→ WORK TO BE COMPLETED
Although pictures appear in the entries below, leave them out and print exactly the lines from the first line through the line containing "Die Steuerung übernehmen".

◆ ◆ ◆ ◆

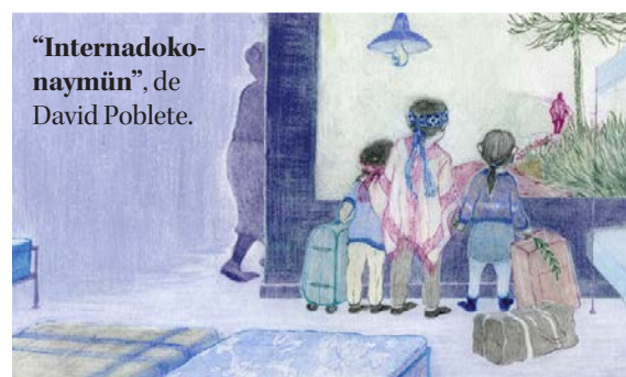
“Internadokonaymün”, de David Poblete.

LAS IMÁGENES CORRESPONDEN a las diferentes ilustraciones que acompañan a los cuentos ganadores de la XI versión del concurso. Trabajos que serán parte de una exposición que estará hasta marzo en la Biblioteca Central UdeC.
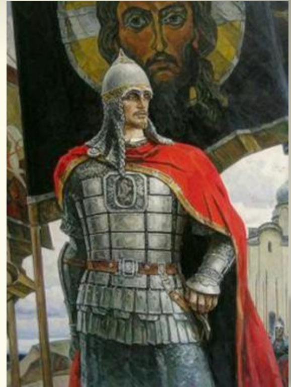
Кантата «Александр Невский»
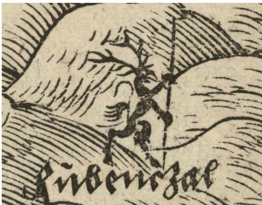
První známé vyobrazení Rübészala. Helwigova mapa Slezska z roku 1561

Ke Krkonošům se neodmyslitelně váže postava bájného ducha hor, jenž v různých podobách chrání celé pohoří před pytláky či chamtivými hledači pokladů – Krakonoše. Tohle jméno mu ve své baladě Krkonošská kleč z roku 1824 prvně připsal Václav Kliment Klicpera, avšak v horalské tradici se objevuje již od 15. století a jeho první vyobrazení, pod německým jménem Rübészal (zčeštěle Rýbrcou), nacházíme na Helwigově mapě Slezska z roku 1561.
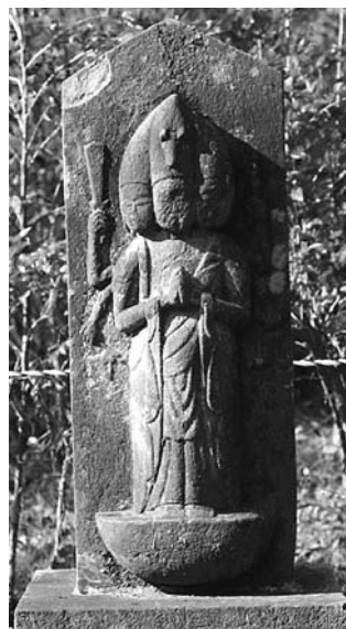
菅生・路傍、3面6手立像 造立年不明

私たちがよく目にする馬頭観音は、1面2手立像の温和で慈愛に満ちたお顔をしています。それは、
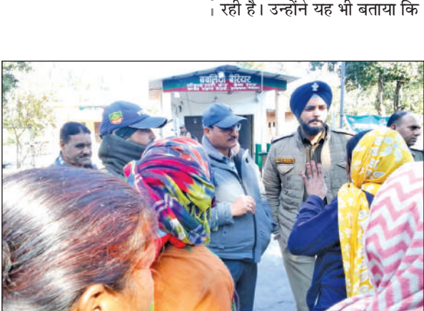
वन कर्मियों और पुलिस से उलझती महिलाएं।
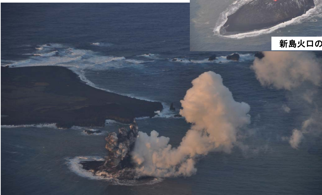
西之島(写真左)と新島から上がる噴煙の様子

11月20日(水)、小笠原諸島の海域火山である西之島の南南東約500メートル付近の海上に、直径200メートル程度の新島が出現し、黒色の噴煙を上げている様子を海上保安庁の航空機が確認しました。
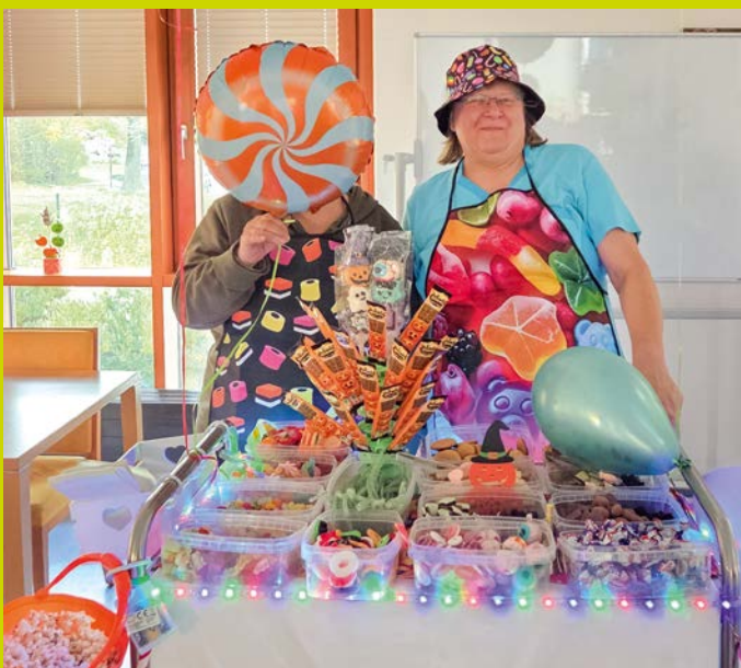
So bunt und süß zog die Bar durchs Haus.

Aus einem einfachen Servierwagen machten sie kurzerhand eine bunte Candy-Bar. Mit dem Wagen voller Süßigkeiten gingen sie durchs Haus und klopfen an viele Zimmertüren. Für die Bewohnerinnen und Bewohner gab es kleine Leckereien, die nicht nur den Gaumen, sondern auch die Stimmung aufhellten. Eine liebevolle Idee, die für viele kleine Genussmomente und ein Lächeln gesorgt hat. ∞
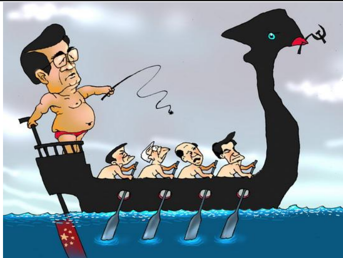
Con thuyền xã nghĩa (Babui-Danchimviet.info)
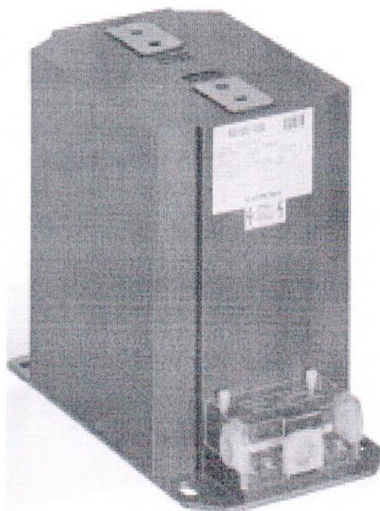
Рисунок 1.1 – Фотография общего вида трансформатора тока 4MA72-S2 АУС № 1003710852

Фотографии общего вида средства измерений
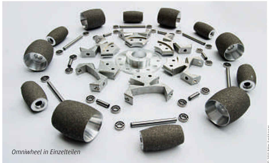
Omniwheel in Einzelteilen

Die Steuerung übernehmen zwei Rechnersysteme: ein echtzeitfähiger Low-Level-Rechner zur schnellen, präzisen Regelung von Gleichgewicht und Lage und ein High-Level-Compu-
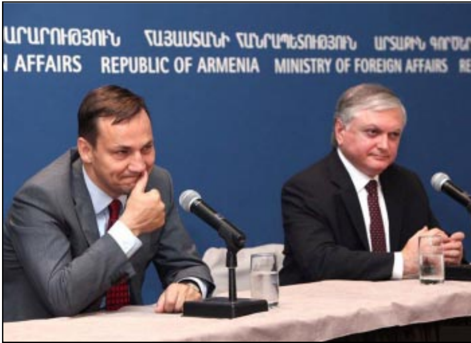
Armenian Foreign Minister Eduard Nalbandian (R) and his Polish counterpart Radoslaw Sikorski at a press conference in Yerevan

YEREVAN -- Foreign Minister Edward Nalbandian insisted on Wednesday that the Armenian and Azerbaijani presidents did receive a freshly amended international plan to resolve the Nagorno-Karabakh conflict at their most recent meeting in Russia last month.
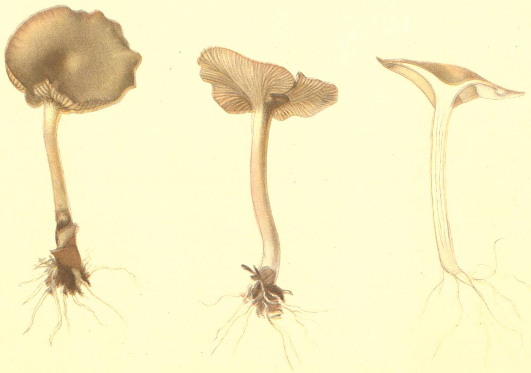
Clitocybe rhizophora (Velen.) Joss. et Pouch.
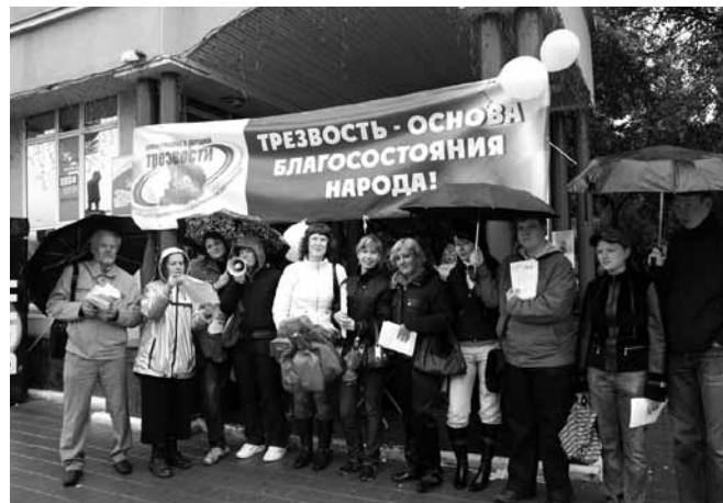
II областной День трезвости, круглый стол «Только б жила Россия». Участники — молодежь вузов Екатеринбурга. 2009 г. (фото вверху); I областной День трезвости. Екатеринбург, 2008 г. (внизу).

◆ ◆ ◆ ◆

→ EXPECTED ANSWER
“Internadokonaymün”, de David Poblete.

LAS IMÁGENES CORRESPONDEN a las diferentes ilustraciones que acompañan a los cuentos ganadores de la XI versión del concurso. Trabajos que serán parte de una exposición que estará hasta marzo en la Biblioteca Central UdeC.
Кантата «Александр Невский»
První známé vyobrazení Rübészala. Helwigova mapa Slezska z roku 1561

Ke Krkonošům se neodmyslitelně váže postava bájného ducha hor, jenž v různých podobách chrání celé pohoří před pytláky či chamtivými hledači pokladů – Krakonoše. Tohle jméno mu ve své baladě Krkonošská kleč z roku 1824 prvně připsal Václav Kliment Klicpera, avšak v horalské tradici se objevuje již od 15. století a jeho první vyobrazení, pod německým jménem Rübészal (zčeštěle Rýbrcou), nacházíme na Helwigově mapě Slezska z roku 1561.
菅生・路傍、3面6手立像 造立年不明

私たちがよく目にする馬頭観音は、1面2手立像の温和で慈愛に満ちたお顔をしています。それは、
वन कर्मियों और पुलिस से उलझती महिलाएं।
西之島(写真左)と新島から上がる噴煙の様子

11月20日(水)、小笠原諸島の海域火山である西之島の南南東約500メートル付近の海上に、直径200メートル程度の新島が出現し、黒色の噴煙を上げている様子を海上保安庁の航空機が確認しました。
So bunt und süß zog die Bar durchs Haus.

Aus einem einfachen Servierwagen machten sie kurzerhand eine bunte Candy-Bar. Mit dem Wagen voller Süßigkeiten gingen sie durchs Haus und klopfen an viele Zimmertüren. Für die Bewohnerinnen und Bewohner gab es kleine Leckereien, die nicht nur den Gaumen, sondern auch die Stimmung aufhellten. Eine liebevolle Idee, die für viele kleine Genussmomente und ein Lächeln gesorgt hat. ∞
Con thuyền xã nghĩa (Babui-Danchimviet.info)
Рисунок 1.1 – Фотография общего вида трансформатора тока 4MA72-S2 АУС № 1003710852

Фотографии общего вида средства измерений
Omniwheel in Einzelteilen

Die Steuerung übernehmen zwei Rechnersysteme: ein echtzeitfähiger Low-Level-Rechner zur schnellen, präzisen Regelung von Gleichgewicht und Lage und ein High-Level-Compu-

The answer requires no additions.